If this were not the case, Member States could simply allow their national laws to take
precedence over primary or secondary EU legislation, and the pursuit of European
Union policies would become unworkable.

The principle of the primacy of EU law has developed over time and, although not
enshrined in the EU treaties, there is a brief declaration in the Treaty of Lisbon.

The Court of Justice declared that the laws adopted by European Union institutions
were capable of creating legal rights which could be enforced by natural and legal
persons before the courts of the Member States. EU law therefore has direct effect.

Regarding this “direct effect” principle, The Court of Justice further built on it and
resumed that the aims of the treaties would be undermined if EU law could be made
subordinate to national law. As Spain transferred certain powers to the EU, it limited
its sovereign rights, and thus in order for EU norms to be effective Spain must take
precedence over any provision of national law, including constitutions.

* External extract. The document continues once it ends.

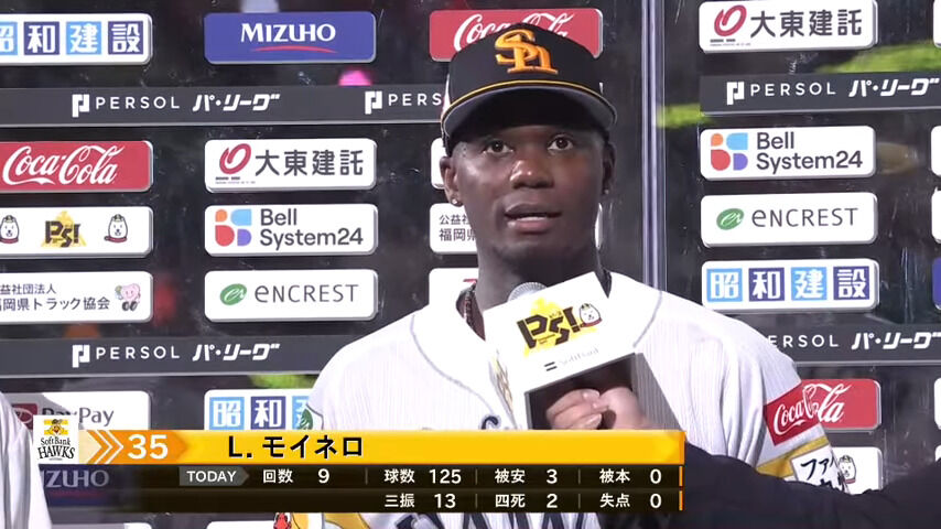 SBモイネロ 1.19 10勝2敗 128.1回 奪三振134 被打率.187 WHIP0.86
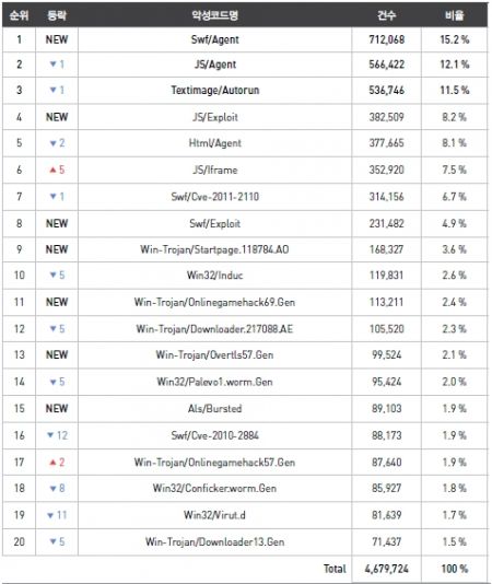 [표 1]에 나타난 바와 같이 2011년 8월의 악성코드 감염 보고는 Swf/Agent가 1위를 차지하였으며 JS/Agent과 Textimage/Autorun이 각각 2위와 3위를 차지해 여전히 높은 수치를 보였습니다. 신규로 Top 20에 진입한 악성코드는 총 7건입니다.

The principle of primacy therefore seeks to ensure that people are uniformly
protected by an EU law across all EU territories.

FIELDS OF APLICATION

It should be noted that the primacy of EU law only applies where Member States have
ceded sovereignty to the European Union.

Applicable in fields such as the single market, environment, transport… However, it


does not apply in areas such as education, culture or tourism.